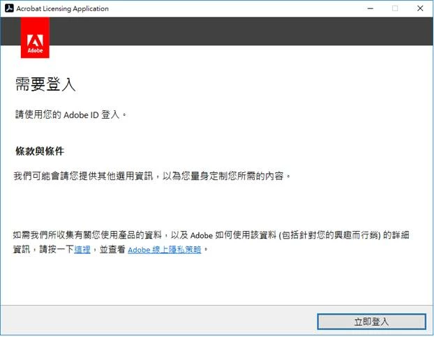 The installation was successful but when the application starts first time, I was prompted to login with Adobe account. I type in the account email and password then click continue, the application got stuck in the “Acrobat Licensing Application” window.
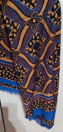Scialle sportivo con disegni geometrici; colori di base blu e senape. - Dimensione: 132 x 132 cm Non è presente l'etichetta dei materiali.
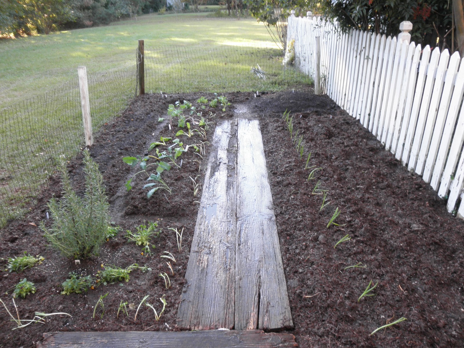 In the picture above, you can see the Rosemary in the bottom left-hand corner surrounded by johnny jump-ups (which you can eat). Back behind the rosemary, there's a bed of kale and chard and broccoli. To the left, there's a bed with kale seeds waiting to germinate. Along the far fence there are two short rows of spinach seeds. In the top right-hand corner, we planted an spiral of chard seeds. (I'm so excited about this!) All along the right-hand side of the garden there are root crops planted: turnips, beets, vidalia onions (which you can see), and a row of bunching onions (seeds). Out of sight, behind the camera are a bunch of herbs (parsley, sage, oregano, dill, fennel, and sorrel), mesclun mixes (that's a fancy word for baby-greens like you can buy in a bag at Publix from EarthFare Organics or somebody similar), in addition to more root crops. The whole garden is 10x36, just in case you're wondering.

* * *

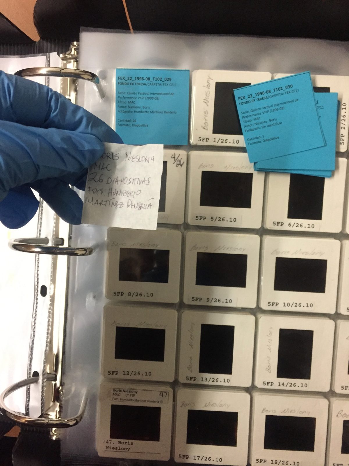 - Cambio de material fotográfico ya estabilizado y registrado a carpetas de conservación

==

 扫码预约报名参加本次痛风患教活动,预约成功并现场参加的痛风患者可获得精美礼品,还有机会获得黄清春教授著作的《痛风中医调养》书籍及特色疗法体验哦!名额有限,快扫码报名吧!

EXERCISE DETAILS:
Take the material above from the line containing "The installation was" up to and including the line containing "Scialle sportivo con" and retype it exactly, without any pictures.

WRITTEN SOLUTION:
 The installation was successful but when the application starts first time, I was prompted to login with Adobe account. I type in the account email and password then click continue, the application got stuck in the “Acrobat Licensing Application” window.
Scialle sportivo con disegni geometrici; colori di base blu e senape. - Dimensione: 132 x 132 cm Non è presente l'etichetta dei materiali.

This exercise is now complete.